★秋の花、ホトトギス

ホトギス
 
今の季節、里道や山道を歩いていると気づく野草がホトトギス。
画像は飯綱寺の庭園で撮影したもので、和風庭園には野草もよく似合います。

Wiki には花弁が6枚と記述されているけれど、正確には3枚で、後の3枚は萼(ガク)が変化したものです。
このような花はユリ科の特徴ですから、ホトトギスもユリ科に属します。

ユリの仲間だと言われても、にわかには納得できません.
でも、花の形態だけでなく葉の形や葉脈もある種のユリに似ているじゃないかと指摘されればシブシブ納得せざるをえません。

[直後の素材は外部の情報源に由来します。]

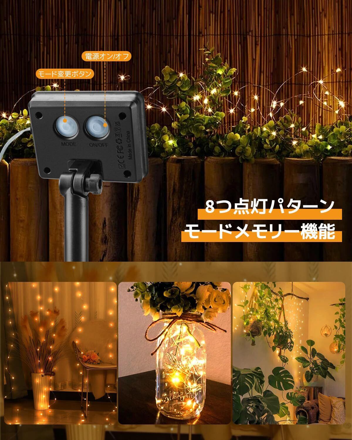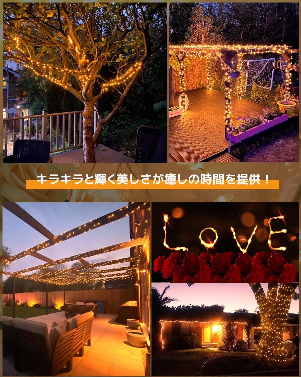 Dalugo イルミネーションライト ソーラー LED ストリングライト 屋外 防水 10M 100LED イルミネーション クリスマス 電飾LED ソーラーライト アウトドア 室内 フェアリーライト おしゃれ 8点灯モード 夜間自動点灯 長い点灯時間 ガーランドライト 庭木 キャンプ LEDイルミネーション クリスマス ハロウィン LED飾りライト(ウォームホワイト) | BASE SHOP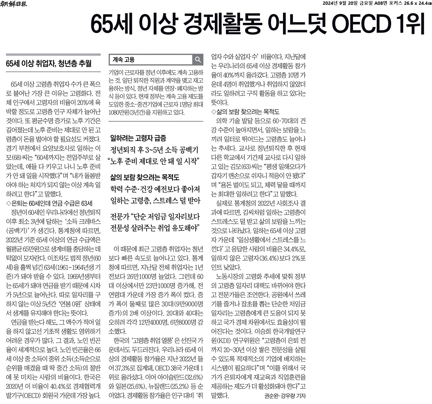 ④ 한국의 ‘고령층 취업 열풍’은 선진국 가운데서도 두드러진다. 우리나라 65세 이상의 경제활동 참가율은 지난 2022년 들어 37.3%로 집계돼, OECD 38국 가운데 1위로 올라섰다. 이어 아이슬란드(32.6%)와 일본(25.6%), 뉴질랜드(25.2%) 등 순이었다.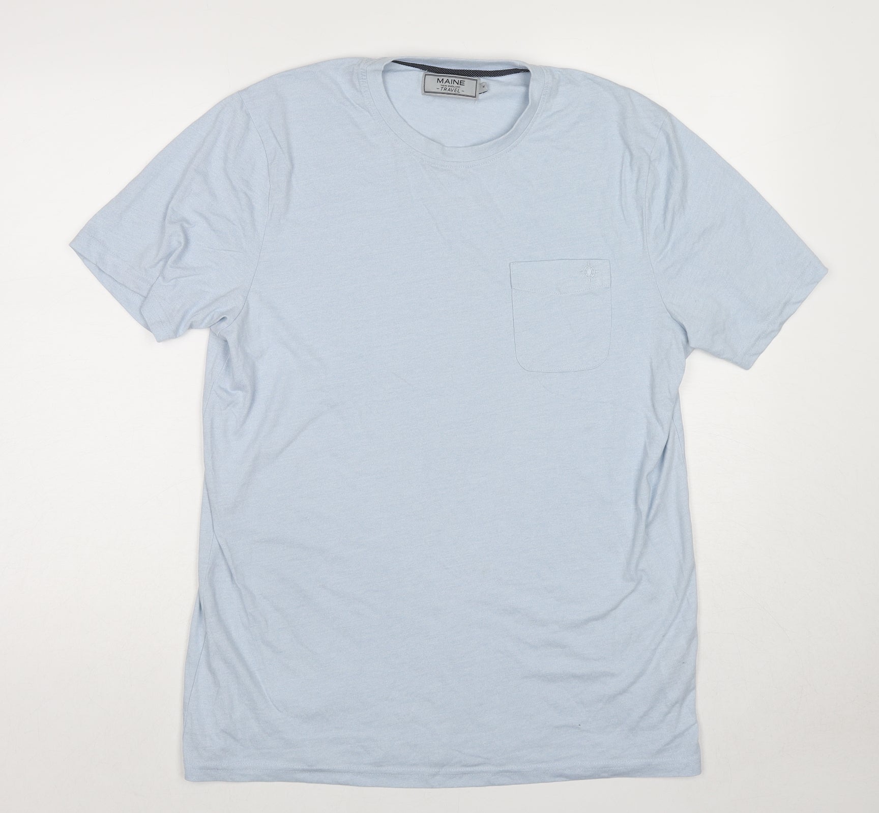 Maine Mens Blue Cotton T-Shirt Size M Round Neck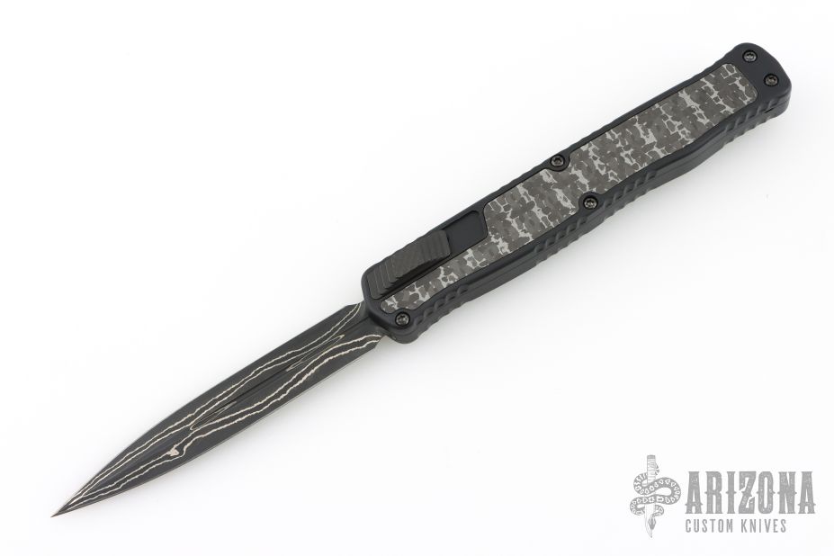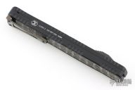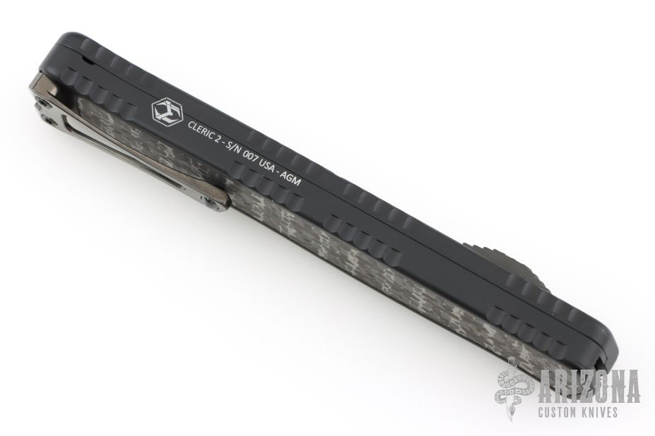 This Cleric II OTF by Heretic Knives features a Baker Forge San-Mai blade with top edge and fullers. The handle has a black aluminum frame with silver snakeskin fat carbon inlays, DLC stainless steel tip down clip with ceramic ball. Comes with original box, COA, and zipper case. Excellent condition. #007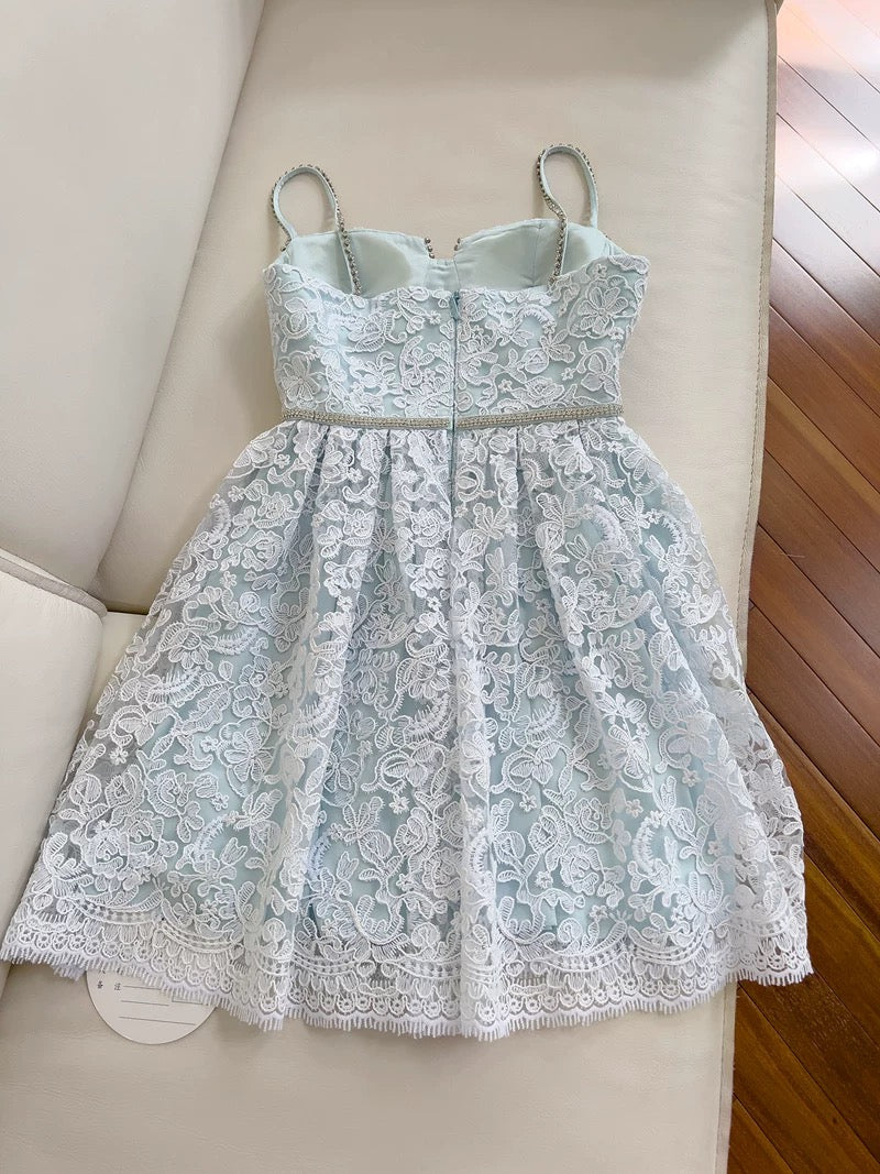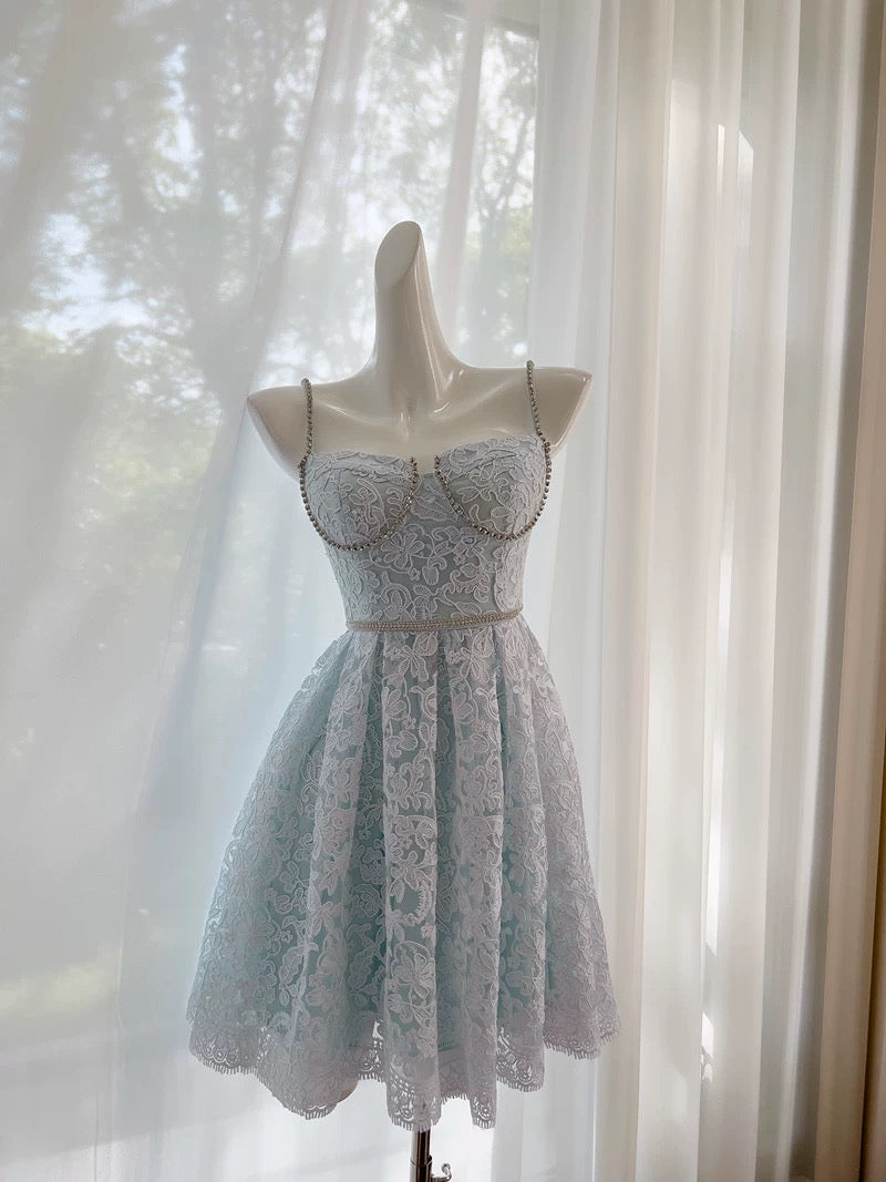 Modest A line Spaghetti Straps Light Skye Blue Lace Short Homecoming Dresses Birthday Outfit HZ1024

百合の花との一番の違いは、何といっても花が二階建てになっているように見えることでしょう。
こんな形の花は他にないように思います。
花の中央のメシベがすっくと立ち上がり、上部で6本に散開するので、花の中に小さな花が咲いているように見えます。
しだれた茎の間に点々とホトトギスの花が咲くのは愛らしい風情があり、もしも秋の七草を新しく選定し直すとすれば、このホトトギスを推薦したと思っているくらいです。

hototogisu.jpg 香川の県の鳥・ホトトギス

名前の由来は、花びらにある紫色の点々模様が野鳥のホトトギスの胸の模様に似ているからだとか。
似ていますかねぇ。
中国では野鳥のホトトギスを 「杜鵑」 と言うので日本でも杜鵑草と書いてホトトギスと読みますが、まず無理ですね。読めません。
それにしても果たして中国でも日本と同じように野鳥ホトトギスとこの花が同名かどうか。
手元の日中辞典ではわかりませんでした。

英名は Toad lilies。Toad とはヒキガエルのこと。
紫のドット模様がヒキガエルの肌の模様に見えたようです。
イギリス人に風情を求めるのは、まず無理と言うことなのでしょう。